The Liberal Arts Don’t Require an Apology

By Jon McGee

I studied political science and history in college. One of my brothers studied English. Another studied art history. The current conversation about degrees earned in liberal arts fields suggests that while we may be well-educated, maybe even interesting people, we also must be mostly unemployable in a contemporary economy. Social commentators today are quick to suggest that the future belongs to those with highly specialized skills and knowledge. A recent Star Tribune editorial applauding the rapprochement of MnSCU leadership and faculty asserted that “employers…need workers with technical and professional competencies as well as the ‘soft skills’ that liberal arts study imparts.”

 

We do students a grave disservice when we relegate the liberal arts, typically code for study in the humanities and social sciences, to afterthought. The idea that college ought to focus on the development of specialized and technical skills, and that the skills imparted by study of the liberal arts are just “soft skills” is simply wrong.

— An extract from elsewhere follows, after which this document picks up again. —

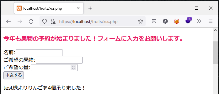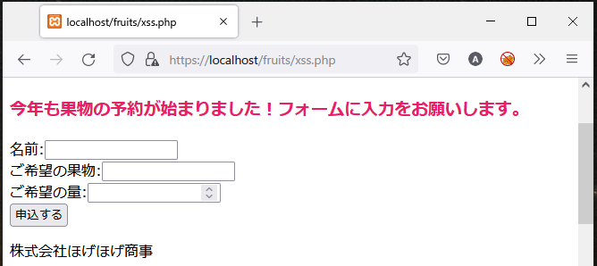 <form action="http://localhost/fruits/xss_submit.php(Bサイト)" method="POST">

The liberal arts often are described as the opposite of a “practically oriented” education. The sentiment typically is expressed through the question, “What can you do with that degree?” Art history, political science, English. Dead ends, all. Only my own experience suggests that nothing could be further from the truth.

 

The best definition of the value of a liberal arts experience I have ever come across came from MnSCU Chancellor, Steve Rosenstone, when he was dean of the College of Liberal Arts at the University of Minnesota. In a 2001 essay entitled The Idea of a University, he described a liberal education as one that enables students to think critically and creatively, provides them with an understanding of the core ideas that shape the world in which they live, empowers them to see the connections among seemingly disparate things, and equips them to be lifelong learners. He got it right.

 

The ability to think critically and creatively, to solve complex problems, to transcend the boundaries of your own culture or experience are not soft skills, but rather imperatives for participation and leadership in a modern and rapidly changing world. The skills developed and honed by a liberal arts education are not transient but transferable and durable across a lifetime. They never become obsolete, unlike specialized knowledge and skills, all of which have an expiration date, sometimes sooner rather than later.

 

The liberal arts education my brothers and I received did not provide us with the particular technical expertise or knowledge required for any of the jobs we have had over many career years. However, it did provide each of us with the critical skills necessary to succeed in all of them.

 

A recent survey of our young graduates at the College of Saint Benedict and Saint John’s University confirms the contemporary value of the skills imparted by a liberal arts education. The overwhelming majority indicated that their education prepared them well for their careers and, as importantly, that their liberal arts education contributed significantly to their professional and personal development. They described themselves as very well prepared for the skills employers value most: the ability to perform their work ethically and with integrity, taking initiative, thinking critically about complex issues, and the ability to function effectively in a changing environment.

 

College cannot simply prepare graduates for specialized occupations and professions that already exist. That’s not enough. It ought to provide them with the skills to successfully navigate an economic landscape that will change frequently over the 45 year arc of their working career.

 

So, what can a liberal arts education prepare someone to do? As it turns out, lots of things. Goldman Sachs CEO Lloyd Blankfein, bestselling author J.K. Rowling, movie producer Steven Spielberg, Flickr founder Stewart Butterfield, and former Hewlitt-Packard CEO Carly Fiorina all earned undergraduate degrees in traditional liberal arts disciplines. It also prepares people for less famous but critically important roles, like school teachers, local business leaders, and legislators. Are the liberal arts a dead end? Not in today’s economy.